Kalau kita tidak mau mengosongkan diri dan merasa sudah cukup, sudah aman dan nyaman dengan pengetahuan, sikap, dan pendapat kita sendiri, maka kita akan tertutup untuk menerima masukan. Apa pun yang kita dengar tidak akan kita terima dengan hati dan budi yang terbuka tetapi akan tertumpah keluar. Kita dengar dengan telinga kanan, keluar telinga kiri; bahkan keluar dari telinga kanan juga sehingga tidak lewat sama sekali. Kita akan cenderung sulit menerima sharing pengalaman, masukan/usulan, dan nasihat dari orang lain. Bahkan, sikap kita cenderung mengabaikan, meremehkan atau menanggapinya dengan sinis. Padahal, pengalaman orang lain yang dibagikan, masukan/usulan, dan nasihat orang lain merupakan salah satu cara dan sarana bagaimana Tuhan berbicara kepada kita. Bukankah kita masing-masing diciptakan sebagai gambar dan rupa Allah (Kej 1:26-27).

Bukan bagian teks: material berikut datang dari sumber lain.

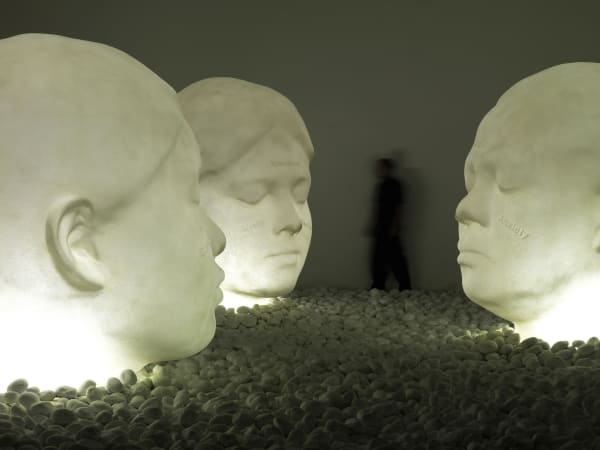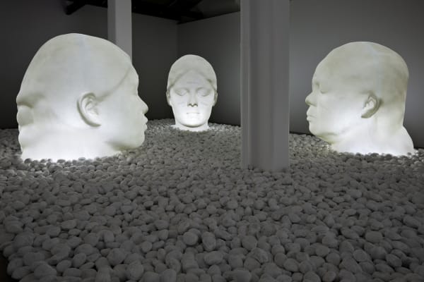 Three resin heads of women, illuminated from within with white neon and rising out of a blanket of white marble stones covering the floor, make up the central work in Jaume Plensa's upcoming exhibition In the Midst of Dreams at Galerie Lelong. The exhibition will open to the public on Thursday, September 10 from 6 to 8 pm. The artist will be present.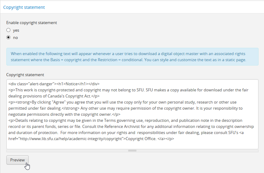 - At the top of the preview tab, a message in a blue box indicates this is the “Copyright statement preview”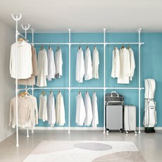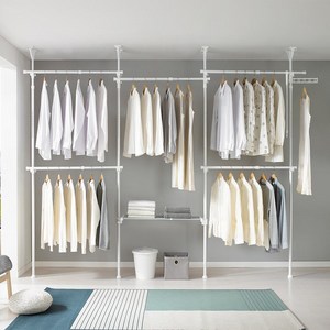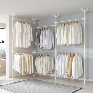 튼튼한 철제 프레임과 선반 구조로 다양한 의류와 소품을 효율적으로 정리할 수 있으며, 화이트 색상으로 깔끔한 인테리어 연출이 가능한 드레스룸 행거입니다.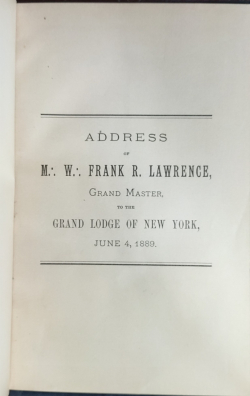 Address of Frank R. Lawrence, Grand Master of the Grand Lodge of New York, 1889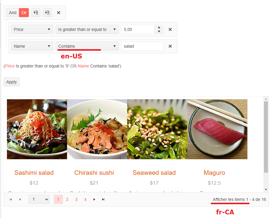 I changed the demo code to show that the grid widget getting the messages in the right language (fr-CA) while the filter widget remains in en-US.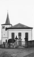 Der Kirchhof wird von einer hohen Sandsteinmauer umgeben und über Eisengittertore zwischen Torpfosten mit haubenförmigem Aufsatz erschlossen.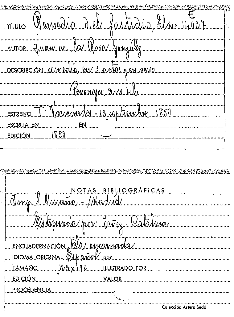 El Remedio del fastidio / Juan de la Rosa González by

Agar kita sampai pada sikap pengosongan diri, dibutuhkan kerendahan hati untuk mengakui kelemahan dan keterbatasan diri kita sehingga kita membutuhkan kehadiran orang lain yang memberikan masukan, usulan, nasihat, dan berbagai macam pertolongan yang lain. Dalam terang iman, mereka-mereka itu dipakai oleh Tuhan untuk memberikan kasih-karunia-Nya kepada kita. Sebab, setiap orang menjadi salah satu tanda nyata kehadiran Tuhan di tengah-tengah kita. Tuhan hadir, bersabda, dan berkarya di dalam dan melalui saudara-saudari di sekitar kita.

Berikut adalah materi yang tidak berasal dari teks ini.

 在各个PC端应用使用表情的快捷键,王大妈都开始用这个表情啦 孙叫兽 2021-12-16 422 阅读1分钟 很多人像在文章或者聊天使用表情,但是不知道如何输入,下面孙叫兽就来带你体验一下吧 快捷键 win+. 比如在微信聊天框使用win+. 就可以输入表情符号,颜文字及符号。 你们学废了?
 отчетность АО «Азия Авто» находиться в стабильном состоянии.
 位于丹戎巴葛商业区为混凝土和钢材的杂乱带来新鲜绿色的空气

Bacaan II merupakan sharing iman dari St. Paulus. Dalam segala perjuangan dan pergulatan hidupnya, St. Paulus mengalami Tuhan yang bersabda, “Cukuplah kasih karunia-Ku bagimu, sebab justru dalam kelemahan kuasa-Ku menjadi sempurna” (bdk. 2Kor 12:9). Hal yang sama berlaku bagi kita. Kalau kita mau rendah hati dengan mengakui kelemahan dan keterbatasan kita dan bahwa kita membutuhkan Tuhan dan orang lain, maka Tuhan juga akan selalu mencukupkan kekurangan-kekurangan kita, entah secara langsung atau melalui orang-orang di sekitar kita.

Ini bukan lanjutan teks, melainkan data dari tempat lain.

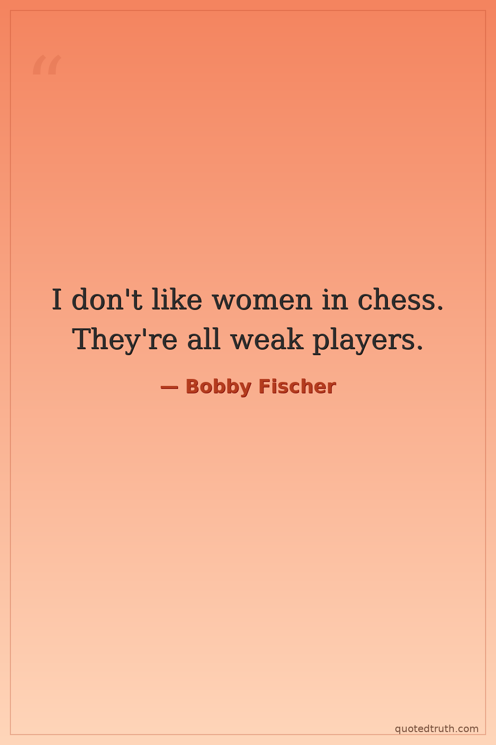 I don't like women in chess. They're all weak players.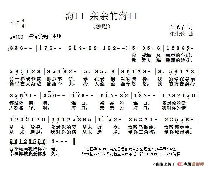关于《海口 亲亲的海口》曲谱的评论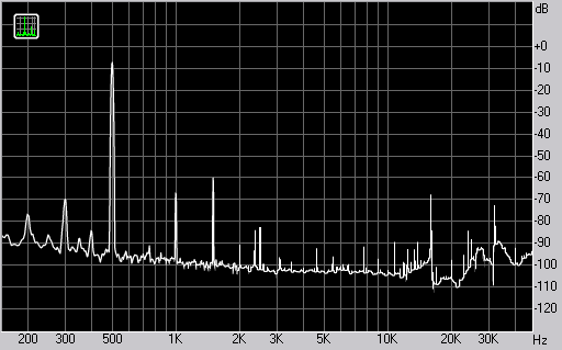 Спектр сигнала, воспроизводимого монитором при подаче частоты 500 Гц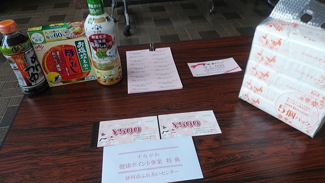 すながわ健康ポイント・カードを作られた方は豪華特典の交換を忘れずにふれあいセンターへ。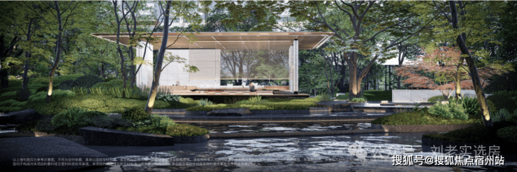 第三重,下沉式的中庭花园,⽔境、浮岛、密林,构建都市中的谧境,摩登的水院,华灯映入水池,映出池底的金光色,雍容华贵,畅享宁静;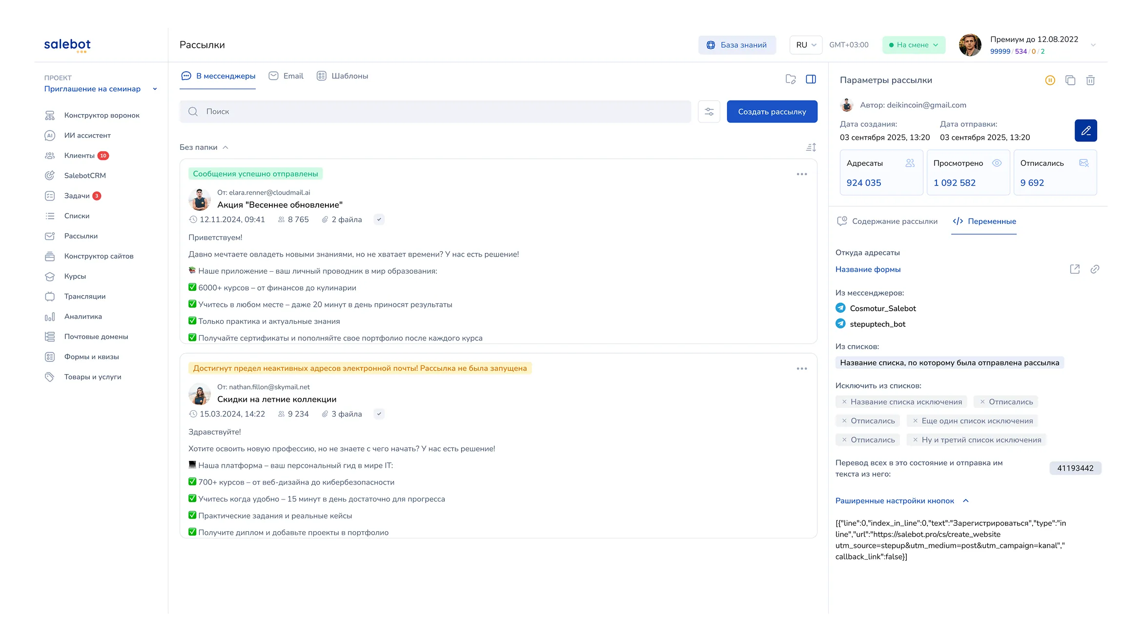 Как запустить рассылки в Salebot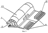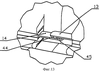 От самопроизвольного раскрытия скрепляющих элементов приемного 6 и заходного 9 узлов применяют фиксаторы 13, 14 (фиг.3, 7). Они имеют форму прямоугольных клиновидных пластин, на поверхностях которых с обеих сторон выполнены аналогичные, как на приемном и заходном узлах, скрепляющие элементы 22 (фиг.3, 7) типа “елочка”. Скрепляющие элементы типа “елочка” с шагом, равным 3,5-6,5 мм, предназначены для крепления сегментов приемного 6 и заходного 9 (фиг.3) узлов друг с другом. Кроме того, скрепляющие элементы типа “елочка” с шагом 3,5-6,5 мм на приемном 11 и заходном 10 (фиг.3, 4) узлах являются направляющими, по которым фиксаторы 13, 14 (фиг.3) в момент их установки перемещают навстречу друг другу с боковых сторон приемного узла 6 (фиг.3) сегмента, где они фиксируют сегменты 4, 5 (фиг.3) между внутренней верхней частью скрепляющих элементов приемного узла 6 и верхней наружной частью заходного узла 9 (фиг.3) по окончании их установки.

Maka, sabda Tuhan hari ini mengajak kita untuk rendah hati dan mau mengosongkan diri, agar kita dapat dengan terbuka menerima kehadiran Tuhan. Entah Tuhan yang hadir dalam sabda-Nya, atau dalam rupa roti dan anggur ekaristi, atau dalam diri orang-orang di sekitar kita. Kita kosongkan diri kita, agar Tuhanlah yang mengisi dan memenuhi hidup kita. Kalau kita dipenuhi oleh Tuhan sendiri, maka pikiran, perasaan, perkataan, sikap, dan tindakan-tindakan kita juga akan selalu menghadirkan kasih karunia Tuhan. Akibatnya, kalau suatu saat kita ditolak seperti Yesus, kita tidak akan putus asa tetapi tetap setia pada misi dan perutusan kita.